C. I. T. Corp. v. Joffe

157 Misc. 225 | City of New York Municipal Court | 1935

Lefkowitz, J.

The plaintiff, as assignee of the Studebaker Corporation of America, sues the defendant to recover a balance of $589.81, alleged to be due on a promissory note made by the defendant on the 5th day of May, 1934, in the original sum of $1,013.76. The facts are not in dispute. The note was given in connection with the purchase of a Studebaker St. Regis sedan automobile by the defendant, who simultaneously executed a conditional sales contract, which was assigned to the plaintiff at the same time when the promissory note was negotiated to it. As a matter of law, the plaintiff took the promissory note and conditional sales contract *226subject to all the equities existing in favor of the defendant. (Federal Credit Bureau v. Zelkor Dining Car Corp., 238 App. Div. 379.) The sale price of the automobile was $1,394.76, of which less than half, or $381, was paid by the defendant. The defendant defaulted in payment and the automobile was repossessed by the plaintiff and proceedings instituted for its sale at public auction pursuant to section 80 of the Personal Property Law. The amount sued for is actually the deficiency after such sale. The defendant counterclaims under section 80-e of the Personal Property Law, which authorizes the conditional vendee to collect damages if his vendor has failed to comply with the law. The defendant contends that the notice of sale given by the plaintiff was inadequate compliance with sections 79 and 80 of the Personal Property Law, in that the plaintiff did not give not less than ten days written notice of sale, either personally or by registered mail.”

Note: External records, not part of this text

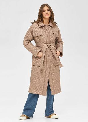 Демисезонный удлинённый стеганный плащ с накладными карманами. Характеристики: — прямой силуэт — спущенная линия плеча — отложной воротник — центральная застежка на пуговицы — 2 нагрудных клапана — 2 накладных кармана — пояс в комплекте — на подкладке — утеплитель силикон ( 80 г/ м2) Состав: Верх – 100 % полиэстер Подкладка – 100 % полиэстер Утеплитель – 100 % полистирол ПЛАЩ АБСОЛЮТНО НОВЫЙ, ЕСТЬ ФИРМЕННАЯ БИРКА. ОВЕРСАЙЗ. НА ГРУДЬ ДО 115 СМ
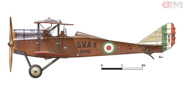 第1次大戦後半にイタリアが開発した国産飛行機S.V.A.シリーズ。高速性に優れていたため、偵察機や爆撃機、練習機など幅広く使われ、1920年には日本にも来ています。
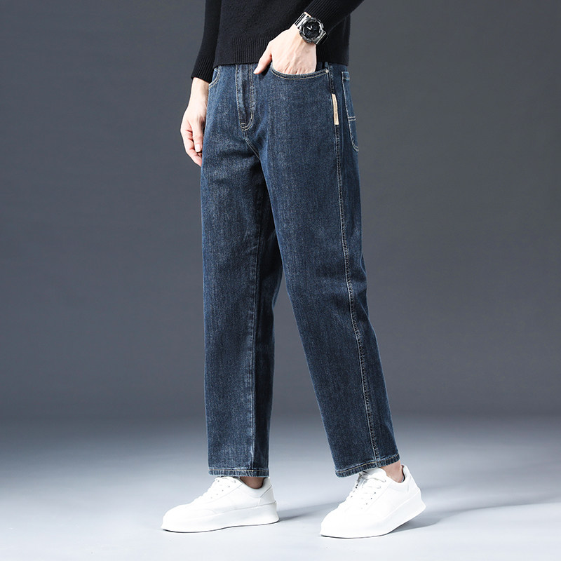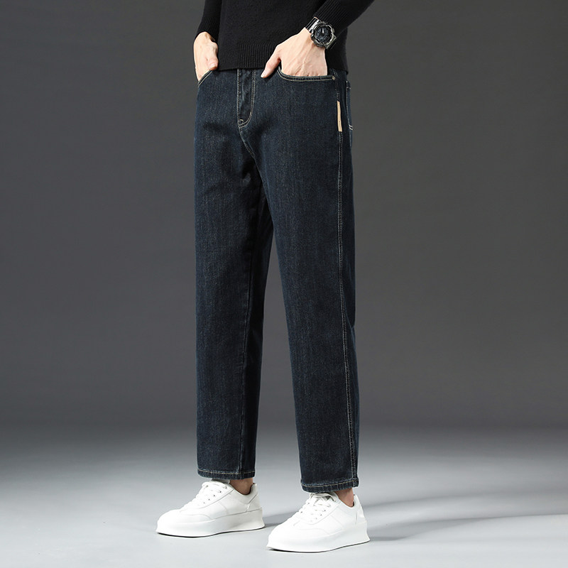 📚 啄木鸟九分牛仔裤男冬季加绒加厚保暖裤子商务休闲宽松直筒秋冬款
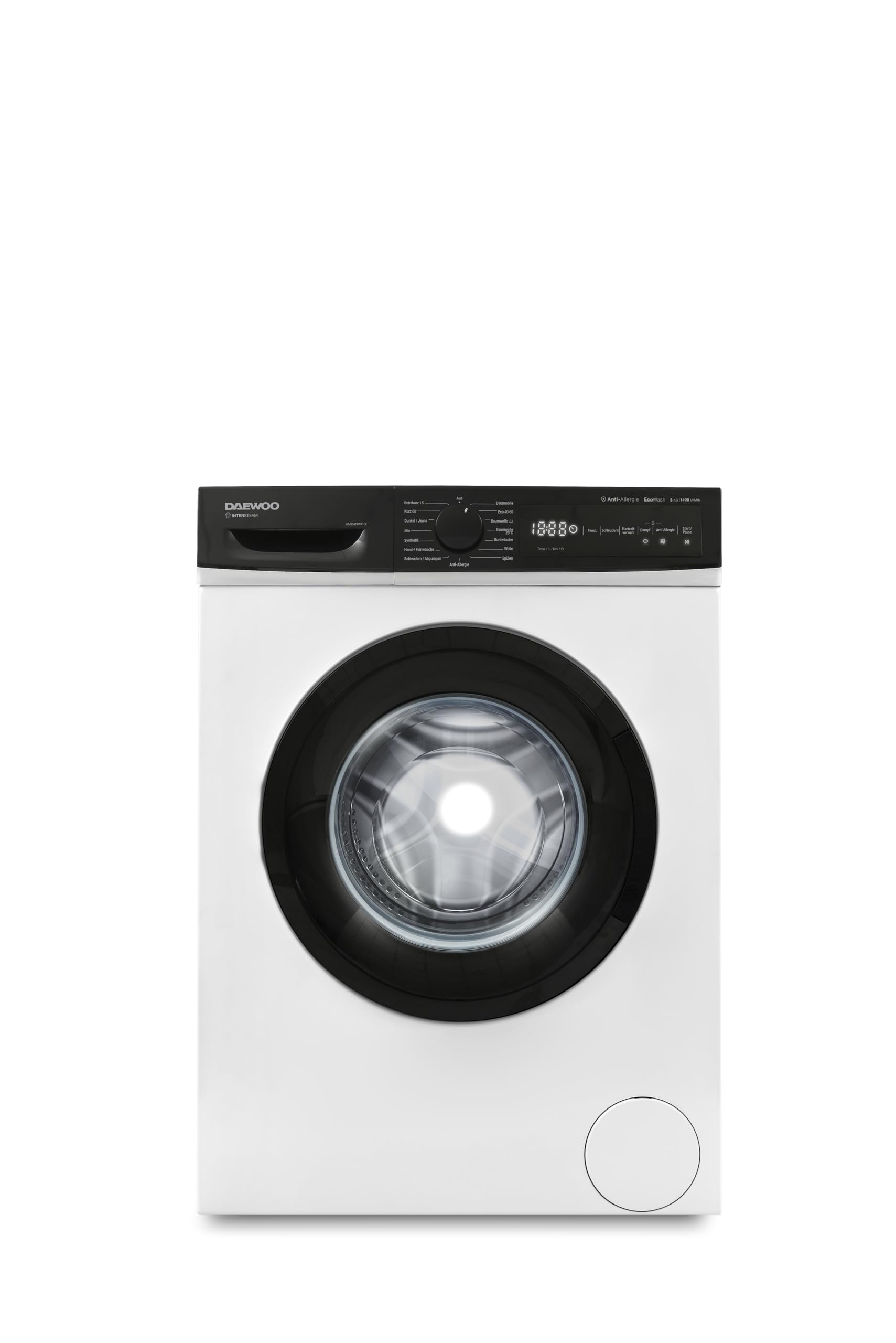 Figure 2.1: Front view of the Daewoo WM814TTWA1DE washing machine, showing the control panel, detergent drawer, and drum door.

It is conceded that the plaintiff, although not duty bound to do so (Pers. Prop. Law, § 80), set in motion the machinery to foreclose the defendant’s interest pursuant to the Personal Property Law and thus to derive the benefits that would flow from such action. Written notice of sale was mailed on July 18, 1934. It was received in the mail by the defendant the next day. The notice said that the sale would be held on July 30, 1934. July nineteenth, the day the notice was received, must be excluded from the computation, because part of the day had expired (notice was delivered by mail) when it reached the buyer. July thirtieth cannot be counted because the sale was held at ten-fifteen a. m. on that day. Beginning the count on July twentieth as the first day, the tenth day would be July twenty-ninth. As that was the last day of the period and a Sunday, it too must be excluded. (Gen. Constr. Law, § 20.) The period of notice given to the buyer by calendar days (See Gen. Constr. Law, § 19), therefore, was from and including July twentieth to and including July twenty-eighth, or nine days, one day short of the statutory requirement. (See Carter v. Brockway Motor Co., 158 Misc. 558.) The latter case has since been followed in this department and the court is constrained to follow it as enunciating a reasonable interpretation (Cotillo, J., in 404 West 53d Street Operating Corp. v. Checker Cab Sales Corp., N. Y. L. J. July 5, 1935, p. 45).

Even the case of Ellner v. Commercial Credit Corp. (137 Misc. 251), cited by the plaintiff, is authority for the proposition that “ the voluntary sale, being ineffectual because of the insufficiency of the notice, the seller lost the right to surcharge the buyer with any deficiency.” It follows, therefore, that the defendant is entitled to judgment dismissing the complaint on the merits.

*227Another question arises as to the counterclaim. The defendant seeks to recover the statutory damage of $95.25, or one-fourth of $381, being the minimum prescribed by the statute (Pers. Prop. Law, § 80-e). If the defendant had paid more than half of the purchase price, the plaintiff would have been required to resel1 (Pers. Prop. Law, § 79), and upon a void sale the defendant would have been entitled to recover statutory damage (Pers. Prop. Law, § 80-e). Where the seller has received less than the fifty per cent of the contract price, he “ may voluntarily resell the goods for the account of the buyer on compliance with the same requirements ” (Pers. Prop. Law, § 80). In this case the plaintiff (the seller’s assignee) elected voluntarily to resell. When it essayed to hold the sale it was bound to compliance with the same requirements ” and to conform to section 79 of the Personal Property Law, with respect to the manner, place and notice of sale. Having failed so to do, it subjected itself to the liability prescribed (Pers. Prop. Law, § 80-e). The defendant did not prove any actual damage, however, and is entitled, therefore, only to the minimum prescribed by the statute. There should be a judgment dismissing the complaint on the merits and a judgment for the defendant on his counterclaim, in the sum of $95.25.